Quem tem medo de envelhecer torcerá o nariz naturalmente e fará uma leitura enviesada. O autor traça um retrato nu e cru das dificuldades na convivência de velhos em um asilo dividido em duas alas, uma aberta (para velhos autônomos), e uma fechada (para demenciados).
Livro simples, fácil e bem-humorado. Ótima leitura, ótimo passatempo. Resolvi conferir depois de ler uma crítica na Folha de S.Paulo. O crítico devia estar em um péssimo dia. Não entendeu nada. O livro é verdadeiro e divertido.
O autor é holandês, portanto, retrata a realidade dos idosos na Holanda. É um diário, não é um “livro”. Não espere um desfecho fabuloso, apoteótico. Termina como começa, na mesma batida, mas uma batida legal.
O ano é 2013. O autor escreve apenas quatro linhas no dia 1o de janeiro: “Continuo não gostando de velhos neste ano novo. Do arrastar de pés por trás dos andadores, da impaciência fora de propósito, do eterno reclamar, dos biscoitinhos com chá, dos gemidos e dos lamentos. Eu mesmo tenho 83 anos e três meses.”
No último dia do ano, fim do livro, escreve um pouco mais, mas não espere nenhum balanço entusiasmado. Finaliza com o seguinte: “… tenho que fazer novos planos. Enquanto houver planos, há vida”.
Quem tem medo de envelhecer torcerá o nariz naturalmente e fará uma leitura enviesada. O autor traça um retrato nu e cru das dificuldades na convivência de velhos em um asilo dividido em duas alas, uma aberta (para velhos autônomos), e uma fechada (para demenciados).
O autor, o escritor por trás do personagem de 83 anos, Hendrik Groen, que mantém o diário, não tem família e acaba por ser acolhido por um pequeno grupo o que vai tornar sua velhice suportável, mais agradável. Usa o diário para comentar o que observa e escuta no refeitório, salas de convivência, elevadores e pelos corredores do asilo.
Bebem, aprontam, criam problemas, caem, reclamam, adoecem, tudo o que acontece com quem está vivo. A velhice não impede que se faça – em outro ritmo, claro, tudo o que a pessoa sempre fez na vida. Mesmo com dores, com fraldas ou sobre uma cadeira de rodas, pois o poder de adaptação do homem é incrível, todos sabem disso.
Quem tem capacidade motora e financeira pode muito bem se locomover com a ajuda de uma cadeira motorizada ou um scooter como já é bastante comum em cidades como São Paulo.
Porém, em uma história envolvendo octogenários, não podemos esperar nada muito espetacular. Um romance devastador, uma paixão insana seria fora de propósito, mas ocorrem dentro do possível.
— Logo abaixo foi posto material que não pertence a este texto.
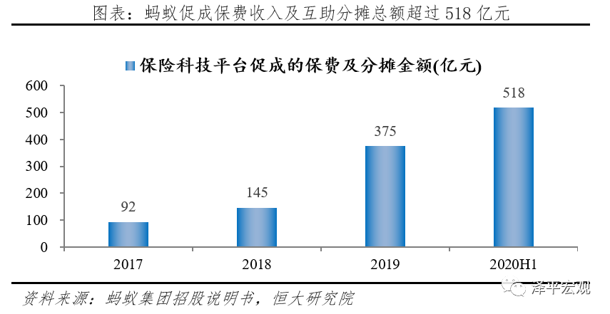 3)保险方面,主营合作普惠定制产品。蚂蚁保险商城以营销与保险公司合作定制产品为主,2018年,蚂蚁与中国人保合作推出“全民保”、“好医保”,2019年与国华人寿推出“健康福”等,产品均体现出低门槛、出入灵活且简单易懂的普惠特点。根据招股说明书,截至2020年6月,蚂蚁已经同约90家保险机构合作开展业务,促成保费收入及互助分摊总额超过518亿元,仅9%由国泰保险承保。

Dei boas risadas com o livro. Acho até que o autor pegou leve ao retratar os velhinhos holandeses. Por exemplo, quando o adolescente cospe na cara de Hendrik, torci para ele acertar o moleque com uma bengalada, mas ele só pediu respeito…
No mundo real, outro dia, uma senhora na cidade de Nijmegen-Zuid, ao completar 100 anos fez um balanço de sua vida e concluiu que já havia feito tudo, menos roubar e matar, por isso nunca havia sido presa, mas gostaria de ser trancafiada como uma fora-da-lei.
Os vizinhos chamaram a polícia e expuseram o estranho desejo da aniversariante. Os policiais não tiveram dúvida. Deram ordem de prisão, algemaram e colocaram Annie atrás das grades. A velhinha amou a surpresa.
No livro, a polícia é acionada várias vezes pelo asilo para investigar os velhinhos que aprontam como adolescentes, nada muito original, mas engraçado.
O único senão ficou por conta da tradução. Usou e abusou da expressão ‘Mal de Alzheimer’ ao se referir à Doença de Alzheimer, termo correto. “Mal”…, já não bastasse a doença, a mídia ainda carrega o “mal”… Quem fez a tradução deveria procurar saber e não ficar no conhecimento raso dado pelos meios de comunicação.
Ao terminar a leitura, fiquei com uma sensação de vazio, de quero mais.
Engraçado é que veio à minha cabeça um poema de Drumond, Cidadezinha Qualquer, lembram? Diz assim:
Casas entre bananeiras
mulheres entre laranjeiras
pomar, amor, cantar
Um homem vai devagar
Um cachorro vai devagar
Um burro vai devagar
Devagar… as janelas olham
Êta vida besta, meu Deus.
Este é o espírito do livro “Tentativas de Fazer Algo da Vida”, de Hendrik Groen (pseudônimo). Leia e se divirta.